Lusi, yang sejak tadi mengamati Rangga dari balik mejanya, mendekati dengan tenang. "Permisi, Pak Rangga. Boleh saya lihat laporan keuangannya?"
Rangga menyerahkan berkas tersebut dengan ragu. "Silakan, Lusi. Tapi aku sudah memeriksa berulang kali, dan aku masih tidak menemukan kesalahan."
Lusi menerima berkas tersebut, matanya fokus pada angka-angka di halaman pertama. Ia membaca dengan teliti, jari-jarinya sesekali menunjuk ke detail tertentu. Setelah beberapa saat, ia menunjuk ke sebuah kolom.
"Pak Rangga," katanya, suaranya tenang namun tegas. "Saya rasa ada kesalahan perhitungan di kolom ini. Sepertinya ada angka yang tertinggal."
Rangga memeriksa kolom yang ditunjuk Lusi. Ia mengerutkan kening, kemudian matanya melebar. "Benar juga! Aku melewatkan angka ini. Bagaimana kau bisa menemukannya?"
Lusi tersenyum tipis. "Saya memperhatikan ada ketidaksesuaian antara total pendapatan dan pengeluaran. Kemudian saya memeriksa setiap kolom secara detail."

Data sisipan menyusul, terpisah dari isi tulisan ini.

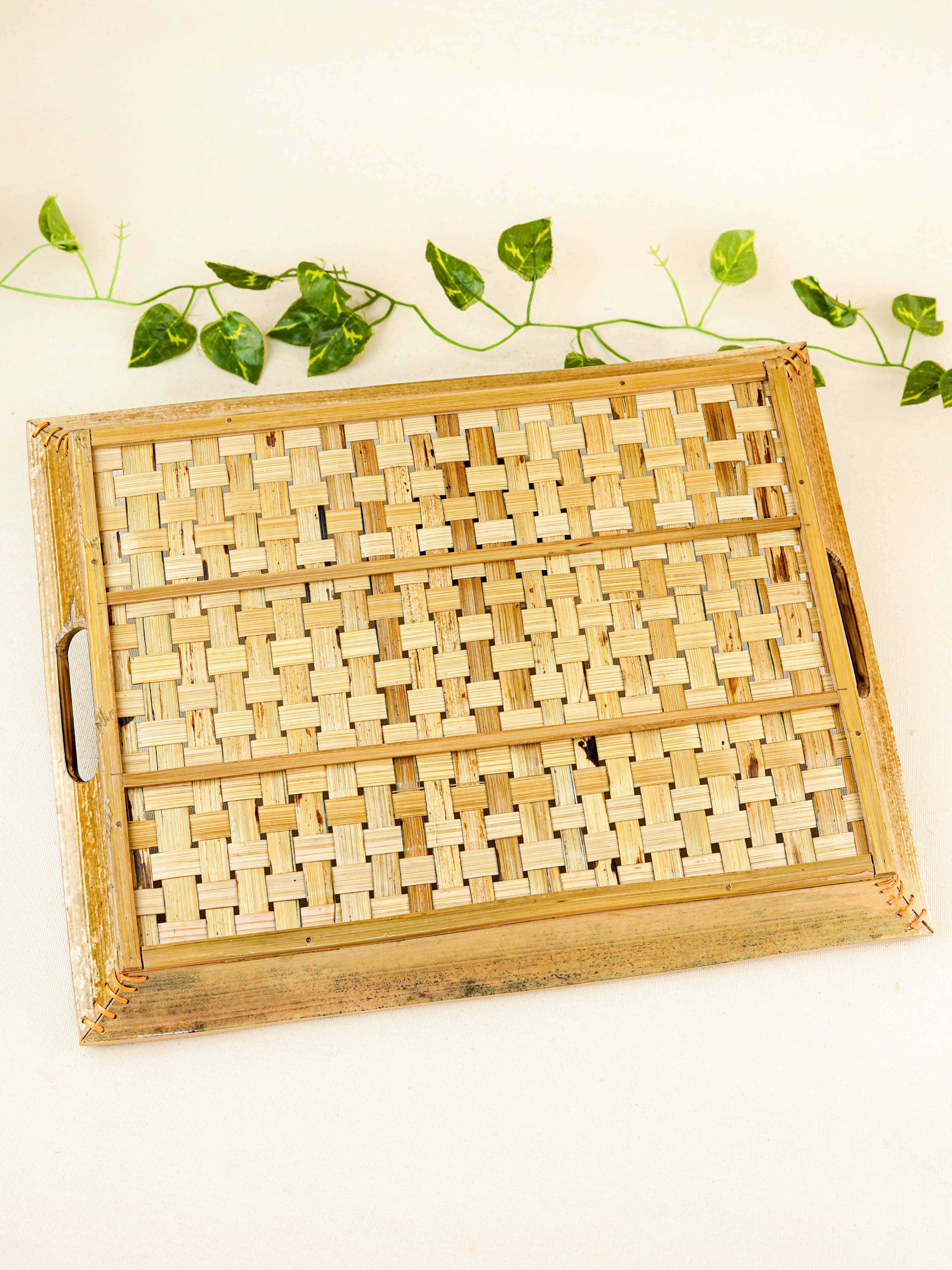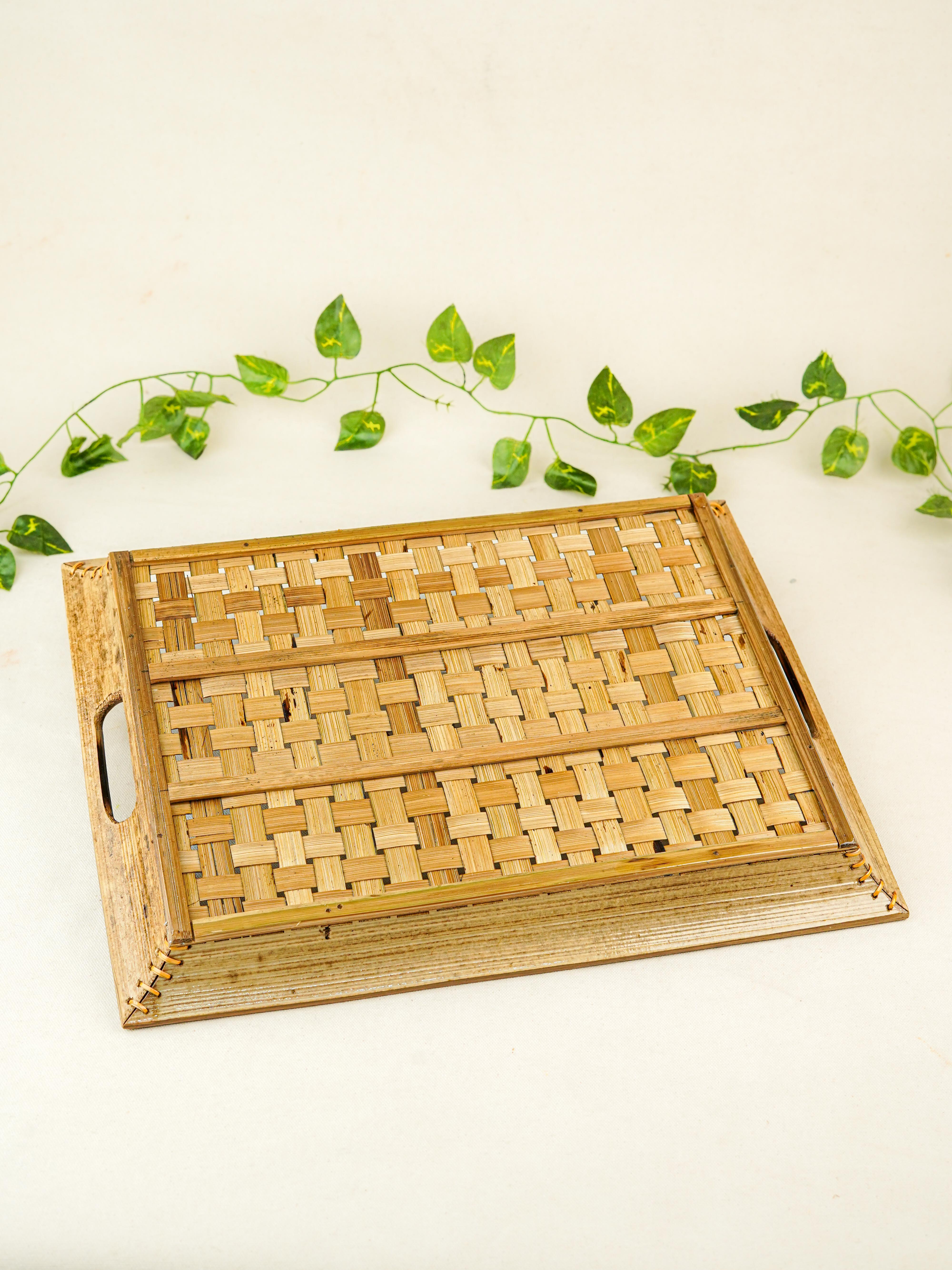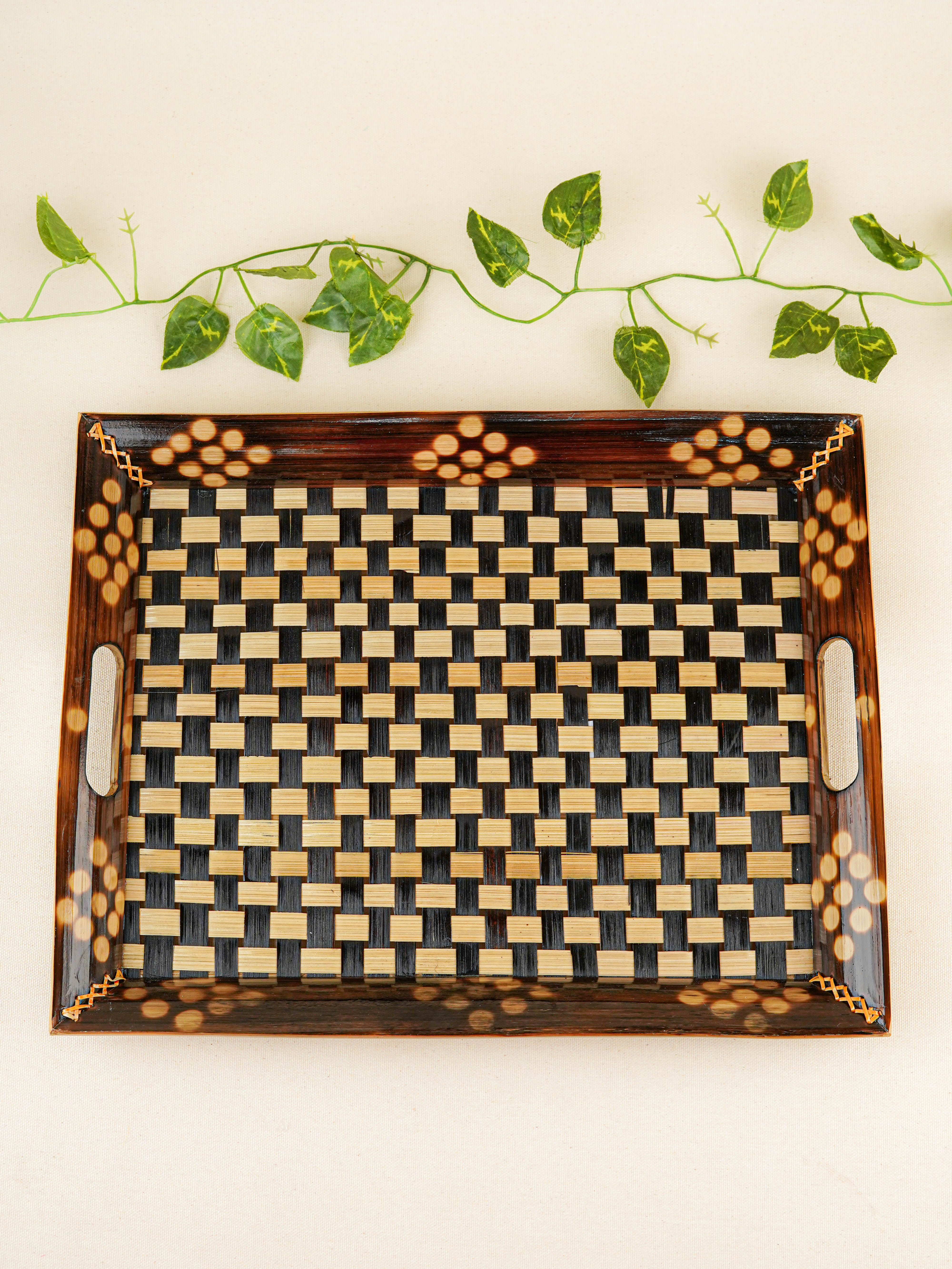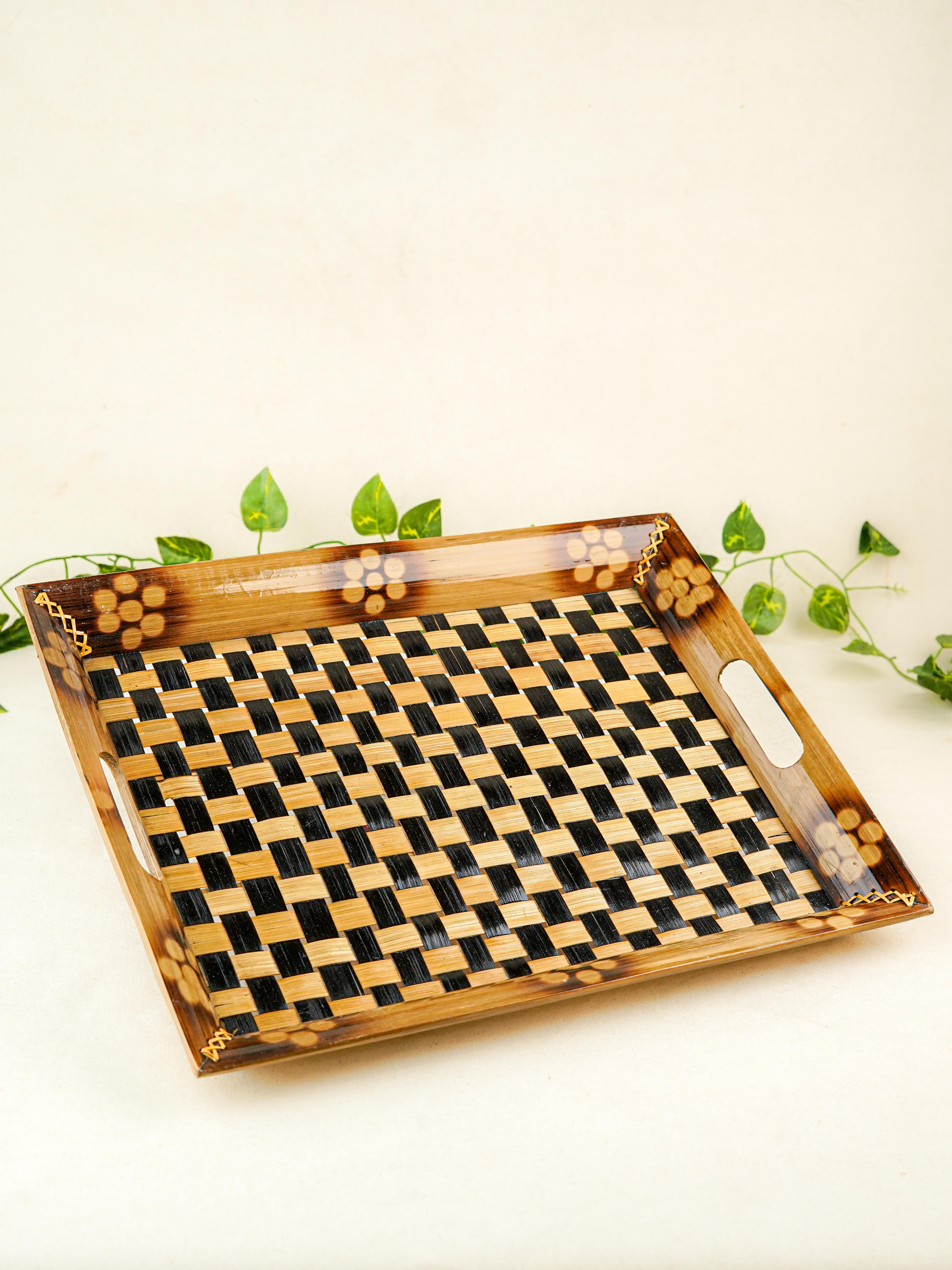 - Bamboo Tray Featuring a Handwoven Checkered Pattern made from Alternating Light and Dark Bamboo Strips.

Rangga menghela napas lega. "Terima kasih, Lusi. Kau menyelamatkan aku. Aku tidak tahu harus berbuat apa tanpa bantuanmu."
"Sama-sama, Pak Rangga," jawab Lusi, senyumnya merekah. "Kita bekerja sebagai tim, bukan begitu?"
Rangga mengangguk, memandang Lusi dengan penuh kekaguman. Di tengah kekacauan angka-angka dan tekanan pekerjaan, mereka telah bekerja sama, saling mendukung, dan berhasil mengatasi masalah tersebut.
Momen itu semakin mempererat ikatan di antara mereka, membangun rasa saling percaya dan menghargai yang lebih dalam. Di luar jendela, senja telah berganti malam, tapi di dalam ruangan, suasana terasa hangat dan penuh harapan.